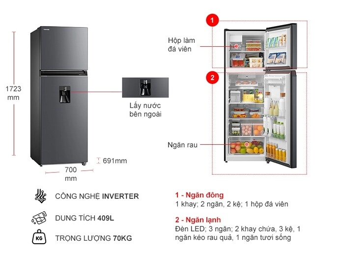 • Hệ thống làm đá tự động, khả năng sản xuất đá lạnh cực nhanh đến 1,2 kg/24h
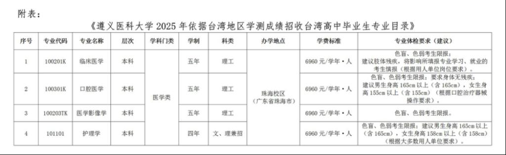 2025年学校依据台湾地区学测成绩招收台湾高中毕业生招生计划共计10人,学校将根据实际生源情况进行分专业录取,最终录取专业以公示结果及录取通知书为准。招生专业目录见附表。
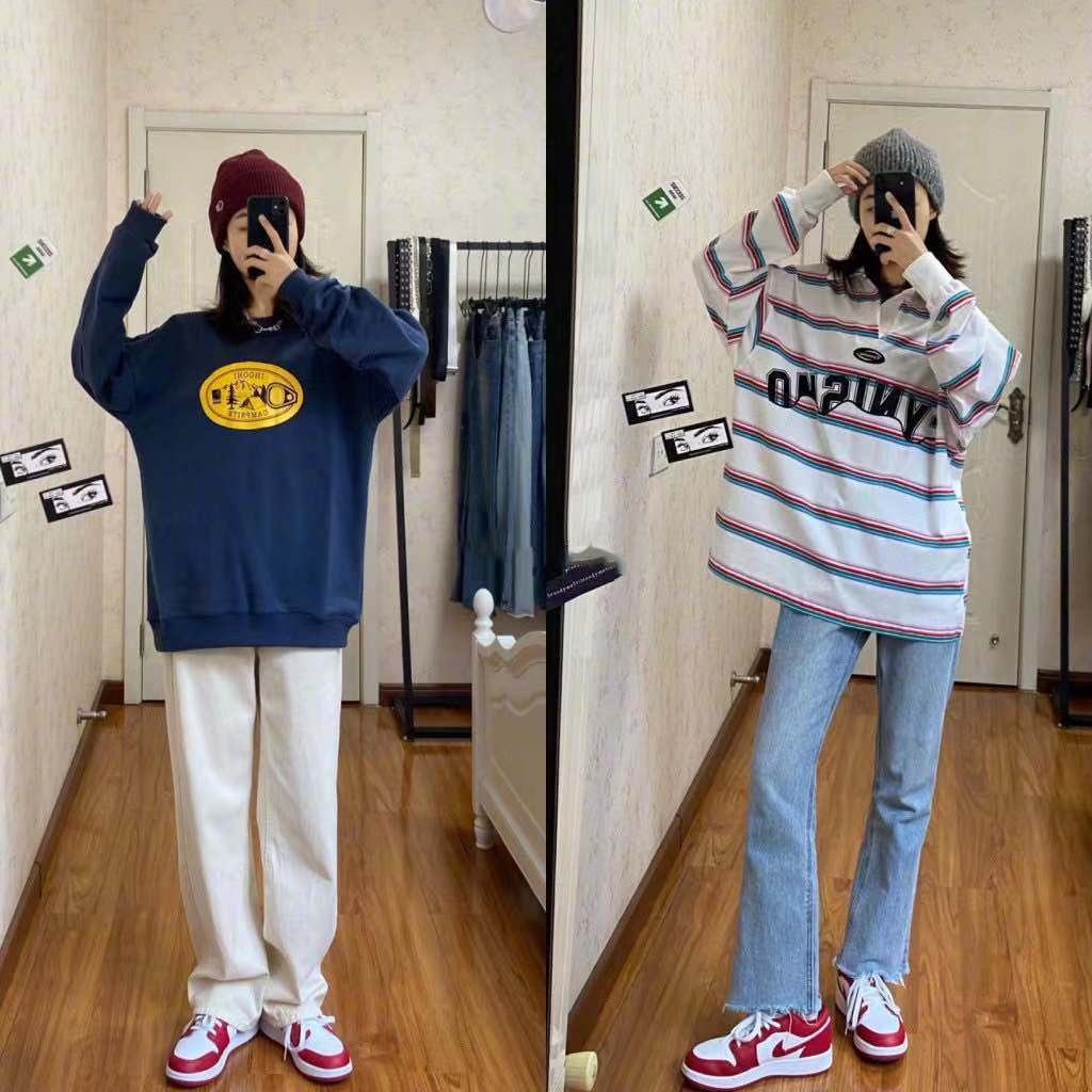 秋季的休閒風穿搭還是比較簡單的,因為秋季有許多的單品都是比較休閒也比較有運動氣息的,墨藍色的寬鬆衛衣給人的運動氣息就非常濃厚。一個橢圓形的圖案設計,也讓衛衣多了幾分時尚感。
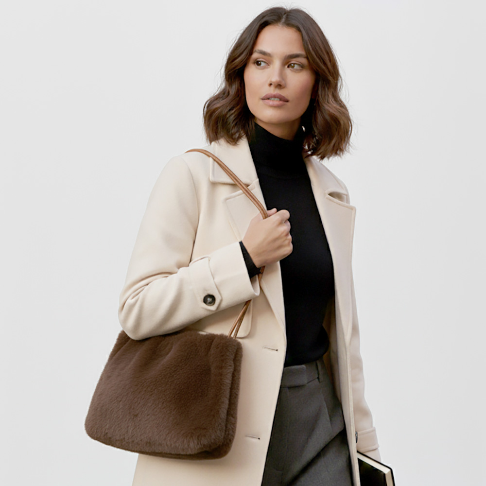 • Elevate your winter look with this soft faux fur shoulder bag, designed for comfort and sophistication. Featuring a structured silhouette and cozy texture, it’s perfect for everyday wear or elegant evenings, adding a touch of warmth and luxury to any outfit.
·····
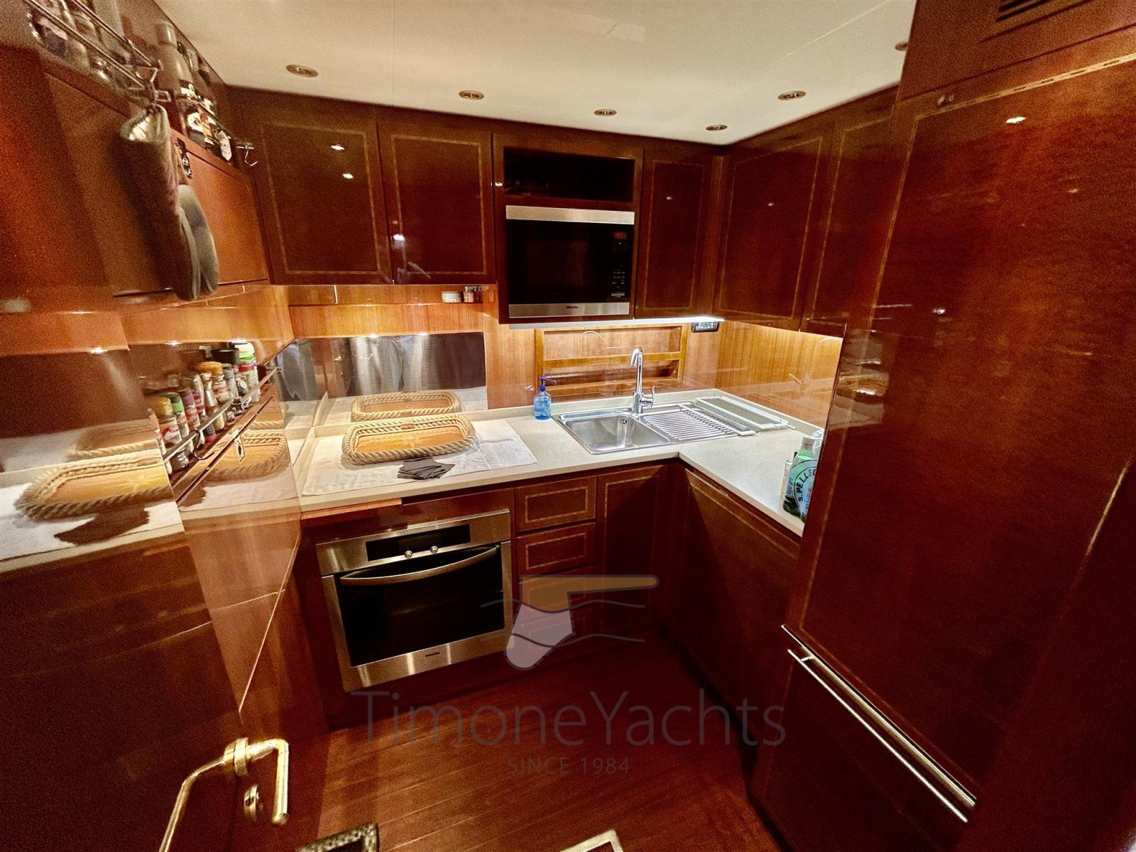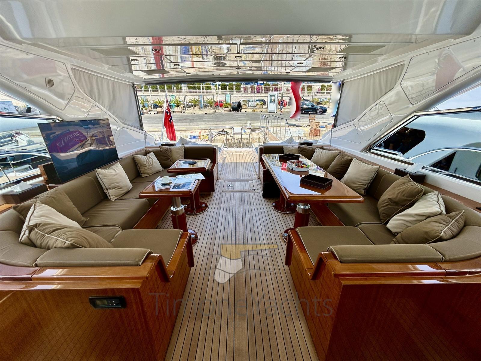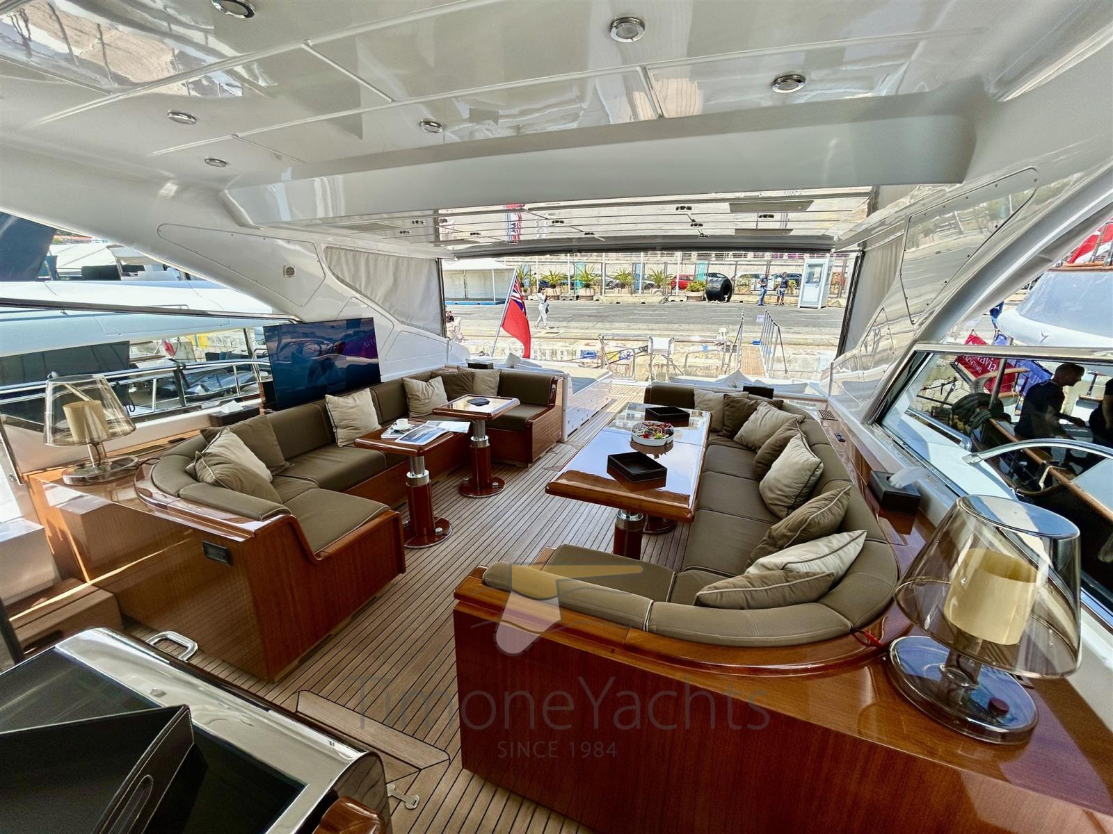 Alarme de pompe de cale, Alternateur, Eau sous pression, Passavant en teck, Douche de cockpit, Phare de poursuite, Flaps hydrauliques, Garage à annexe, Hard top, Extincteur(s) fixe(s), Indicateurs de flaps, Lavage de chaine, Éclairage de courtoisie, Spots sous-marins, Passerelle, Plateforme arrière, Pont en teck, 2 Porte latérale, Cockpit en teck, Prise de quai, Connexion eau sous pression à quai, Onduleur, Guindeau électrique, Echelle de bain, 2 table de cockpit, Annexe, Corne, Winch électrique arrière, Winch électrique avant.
·····
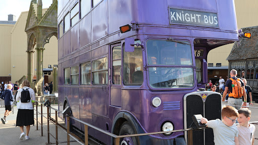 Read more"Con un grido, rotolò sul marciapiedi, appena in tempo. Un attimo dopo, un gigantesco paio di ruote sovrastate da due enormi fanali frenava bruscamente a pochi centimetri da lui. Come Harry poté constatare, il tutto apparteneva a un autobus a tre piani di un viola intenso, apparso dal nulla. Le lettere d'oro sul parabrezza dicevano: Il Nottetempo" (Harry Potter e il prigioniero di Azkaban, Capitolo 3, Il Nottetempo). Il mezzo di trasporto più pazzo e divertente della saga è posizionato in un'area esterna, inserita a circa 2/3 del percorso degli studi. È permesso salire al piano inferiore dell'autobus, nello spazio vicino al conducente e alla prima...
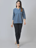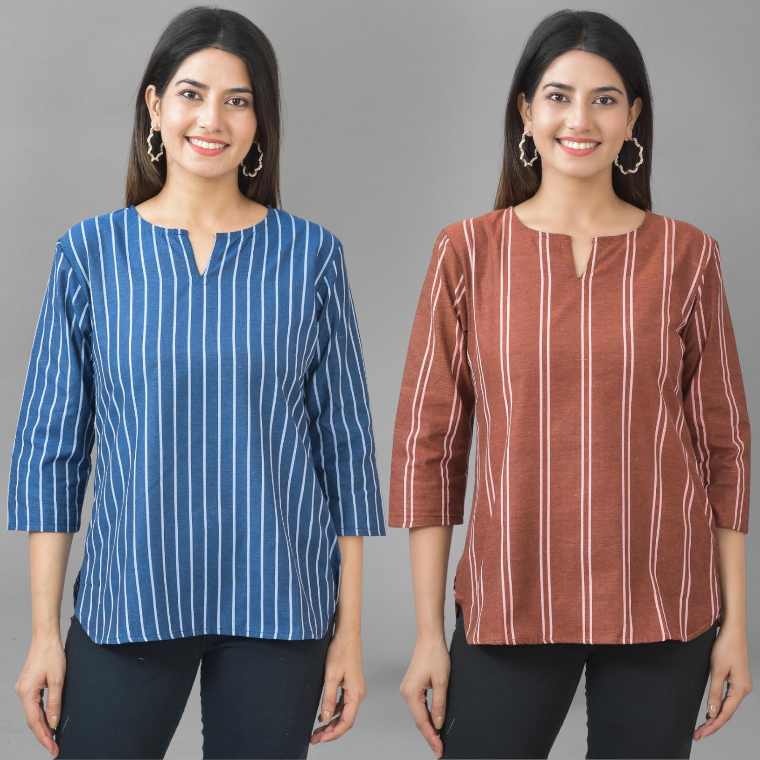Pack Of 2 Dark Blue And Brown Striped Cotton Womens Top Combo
·····
Problem details - Copy exactly, without pictures, the lines above from the one with "秋季的休閒風穿搭還是比較簡單" down to the one with "to any outfit.", inclusive.

Output below -
 秋季的休閒風穿搭還是比較簡單的,因為秋季有許多的單品都是比較休閒也比較有運動氣息的,墨藍色的寬鬆衛衣給人的運動氣息就非常濃厚。一個橢圓形的圖案設計,也讓衛衣多了幾分時尚感。
 • Elevate your winter look with this soft faux fur shoulder bag, designed for comfort and sophistication. Featuring a structured silhouette and cozy texture, it’s perfect for everyday wear or elegant evenings, adding a touch of warmth and luxury to any outfit.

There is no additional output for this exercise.